As in prior chapters, Fishman asserts that proper planning can prevent water shortages. India has a bureaucratic system that limits planning for providing water. Even rich areas have only an hour of water per day. However, wealthier residents can afford private pumps and storage, so richer Indians have 24-hour water even when the cities do not provide it. This contributes to the disparity in water access between the urban and the rural, the rich and the poor, the same issue that afflicts Australia, even though it is more developed. In examining how different populations experience the same challenges, Fishman emphasizes that the water scarcity problem is universal and that wide-scale improvements are necessary to affect the most change.
Water cleanliness also represents a large problem in India. Due in part to the intermittent water service, sewage contaminates the water supply. Indians often get sick and die from contaminated water, which costs the Indian economy. Traditional Indian culture respects water, but not in such a way as to maintain its safety.
Water problems produce other problems, in India and elsewhere. Unclean water leads to environmental contamination and human sickness. Lack of water leads to the same; it also limits education and job availability. Even in areas of heavy rainfall, failure to manage drinking water produces social problems.
In these final chapters Fishman reasserts one of his key arguments: Water’s low cost and general abundance in developed countries have made it invisible. People do not pay much for water or commonly think about it. As a result, they don’t consider where it comes from or how much of it they consume.
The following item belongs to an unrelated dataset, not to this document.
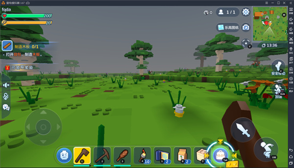 然后可以看到我们背包里面存储了多少物品,点击背包的物品跟快捷栏可以交互放置,但是现在主要是点开合成按钮制造物品。
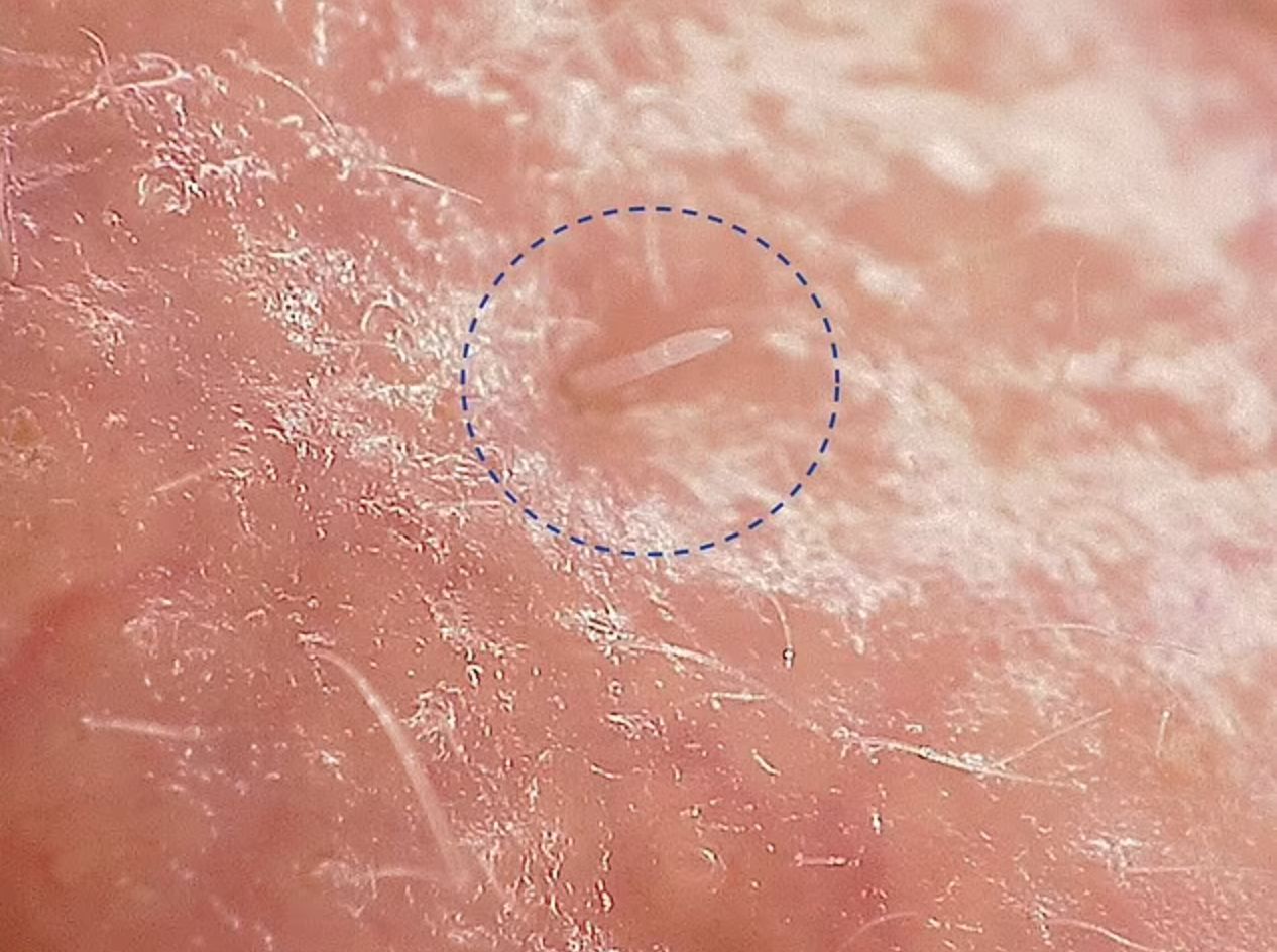 ▲微小的「毛囊蠕形蟎」夜間會在人類的臉上、乳頭上繁殖。(圖/翻攝自推特)

But Fishman argues that water scarcity is becoming more common, and in water scarcity events like Australia’s Big Dry, equitable allocation of water is essential.
Fishman examines solutions for managing the distribution of water. Market pricing is one system for allocating resources. Many people criticize market pricing for water because people depend on it, unlike with other resources. However, a system that provides cheap water for basic consumption but charges more for additional water can ensure both abundance and allocation during scarcity.
Such water economics have not been an issue because of the engineering of delivery systems. If water becomes scarce, then economic solutions like pricing can provide water where it’s most needed. Also, when consumers pay more for water, utilities have more funds to address larger problems like contamination, lack of maintenance, and wait times. This ties into another of Fishman’s key points: Inadequate pricing causes people to take water for granted and, in this way, contributes to water scarcity.